Quote the data below in full, minus the images.

** Provided records follows **

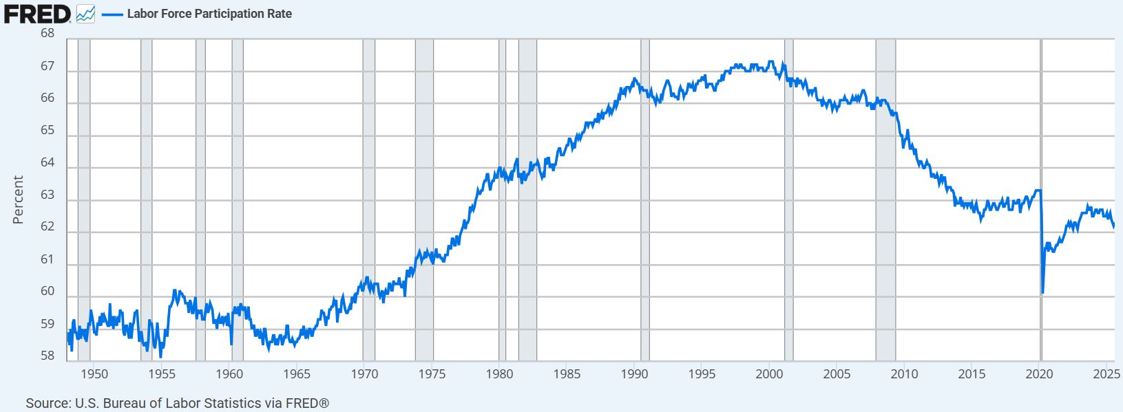 Non sorprende, quindi, che la partecipazione alla forza lavoro sia diminuita in modo significativo dal 2000.
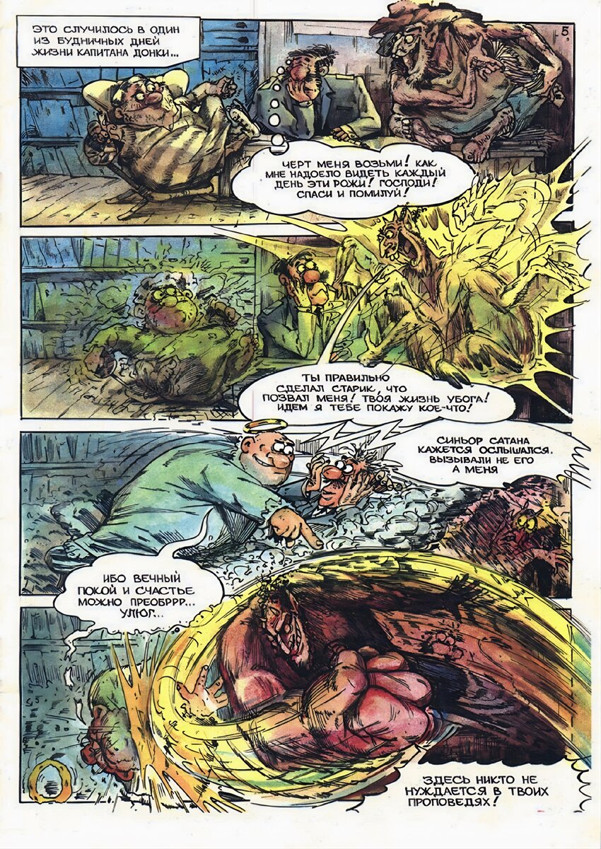 Заинтригованы? Тогда пару слов в напутствие – произведение (иначе и не скажешь) Владимира Сакова совсем не для детей. И дело даже не в откровенных сценах соблазнений в аду, а в том, что читатель младшего возраста пока не понимает разницы между «низом» и «верхом», не сможет увидеть отсылки в мифологию, религиозные догматы и не оценит всю тонкость юмора. А без него смотреть «Приключения Капитана Донки» все равно, что наблюдать за спящим котом – миленько, но «уже было».
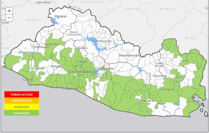 La cartera del MARN indicó que habrá inundaciones urbanas y crecidas repentinas en municipios de la franja costera central y zona oriental del país, además de permanencia de anegamientos en la cuenca del río Grande de San Miguel y zona costera.
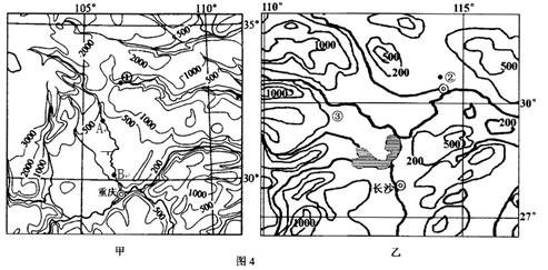 本题解析:本题考查我国的区域地理。(1)根据图示的等高线分布,①处海拔为500—1000米之间;②处海拔0—200米,故计算两地的落差为300---1000米,(2)根据图示的经纬度判断图甲的南部地区地形起伏较大,其位于季风区,故水土流失较严重;产生的原因可从地形、气候等自然原因和不合理的人类活动等方面分析。治理措施主要针对当地的植被保护分析。(3)图示丁河自A流向B的区域等高线分布周高中低,判断为盆地。(4)河流的水文特征可从河流的流量、流量的季节变化、含沙量、冰期、流速等方面分析。
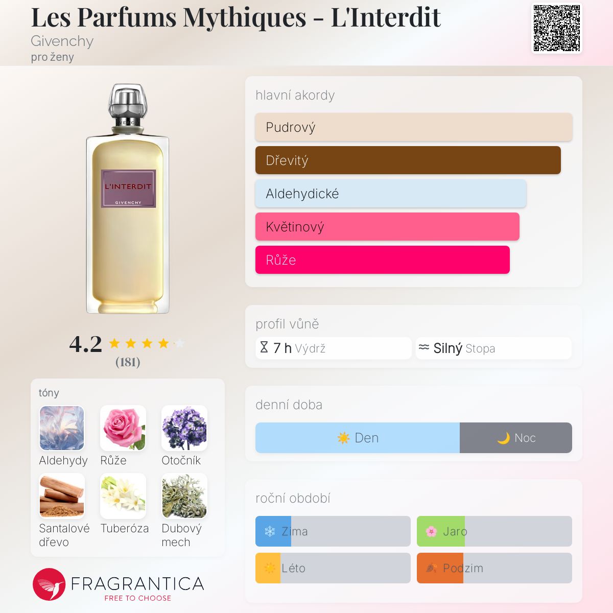 Les Parfums Mythiques - L'Interdit podle Givenchy je Floral Aldehyde vůně pro ženy. Les Parfums Mythiques - L'Interdit byl/a uveden/a v roce 2007. Vrchní tóny jsou Aldehydy, Růže, Fialkový list, Broskev, Pivoňka a Vonokvětka; střední tóny jsouRůže, Otočník, Tuberóza, Pomerančový květ a Švestka ; základní tóny jsou Santalové dřevo, Dubový mech, Jantar (ambra), Pižmo, Cedr a Pačuli.
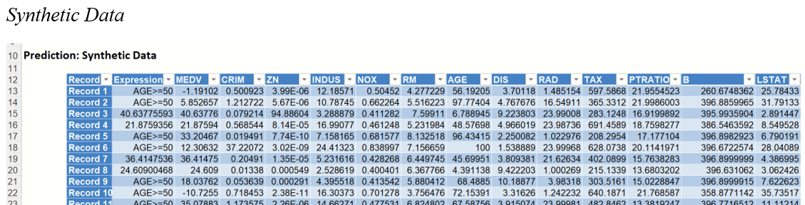 This report contains the synthetic data, the predicted values for the simulation, or synthetic, data, the predicted values for the training partition (using the fitted model) and the Excel – calculated Expression column, if populated in the dialog. A dialog may be opened to switch between the synthetic data, training data and the expression results, or a combination of two, as long as they are of the same type.
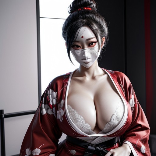 high res, good quality, accurate face, ((high resolution:1.2), (hi-res:1.2), masterpiece, best quality), The Lady (Little Nightmares), Tall woman, wearing a white solid porcelain facewear , Sexy woman, Long kimono, Masked face, dimly lit room, Red bra, long black hair, Red panties, wearing a white porcelain mask, hair bun, Thick thighs, massive ass, curvy, stripping, video game character, Little Nightmares, Red kimono, Taller woman, in a dark room, FastNegativeV2, anatomical-illustration, ng_deepnegative_v1_75t, easynegative,

** End of Provided records **

Final answer:
 Non sorprende, quindi, che la partecipazione alla forza lavoro sia diminuita in modo significativo dal 2000.
 Заинтригованы? Тогда пару слов в напутствие – произведение (иначе и не скажешь) Владимира Сакова совсем не для детей. И дело даже не в откровенных сценах соблазнений в аду, а в том, что читатель младшего возраста пока не понимает разницы между «низом» и «верхом», не сможет увидеть отсылки в мифологию, религиозные догматы и не оценит всю тонкость юмора. А без него смотреть «Приключения Капитана Донки» все равно, что наблюдать за спящим котом – миленько, но «уже было».
 La cartera del MARN indicó que habrá inundaciones urbanas y crecidas repentinas en municipios de la franja costera central y zona oriental del país, además de permanencia de anegamientos en la cuenca del río Grande de San Miguel y zona costera.
 本题解析:本题考查我国的区域地理。(1)根据图示的等高线分布,①处海拔为500—1000米之间;②处海拔0—200米,故计算两地的落差为300---1000米,(2)根据图示的经纬度判断图甲的南部地区地形起伏较大,其位于季风区,故水土流失较严重;产生的原因可从地形、气候等自然原因和不合理的人类活动等方面分析。治理措施主要针对当地的植被保护分析。(3)图示丁河自A流向B的区域等高线分布周高中低,判断为盆地。(4)河流的水文特征可从河流的流量、流量的季节变化、含沙量、冰期、流速等方面分析。
 Les Parfums Mythiques - L'Interdit podle Givenchy je Floral Aldehyde vůně pro ženy. Les Parfums Mythiques - L'Interdit byl/a uveden/a v roce 2007. Vrchní tóny jsou Aldehydy, Růže, Fialkový list, Broskev, Pivoňka a Vonokvětka; střední tóny jsouRůže, Otočník, Tuberóza, Pomerančový květ a Švestka ; základní tóny jsou Santalové dřevo, Dubový mech, Jantar (ambra), Pižmo, Cedr a Pačuli.
 This report contains the synthetic data, the predicted values for the simulation, or synthetic, data, the predicted values for the training partition (using the fitted model) and the Excel – calculated Expression column, if populated in the dialog. A dialog may be opened to switch between the synthetic data, training data and the expression results, or a combination of two, as long as they are of the same type.
 high res, good quality, accurate face, ((high resolution:1.2), (hi-res:1.2), masterpiece, best quality), The Lady (Little Nightmares), Tall woman, wearing a white solid porcelain facewear , Sexy woman, Long kimono, Masked face, dimly lit room, Red bra, long black hair, Red panties, wearing a white porcelain mask, hair bun, Thick thighs, massive ass, curvy, stripping, video game character, Little Nightmares, Red kimono, Taller woman, in a dark room, FastNegativeV2, anatomical-illustration, ng_deepnegative_v1_75t, easynegative,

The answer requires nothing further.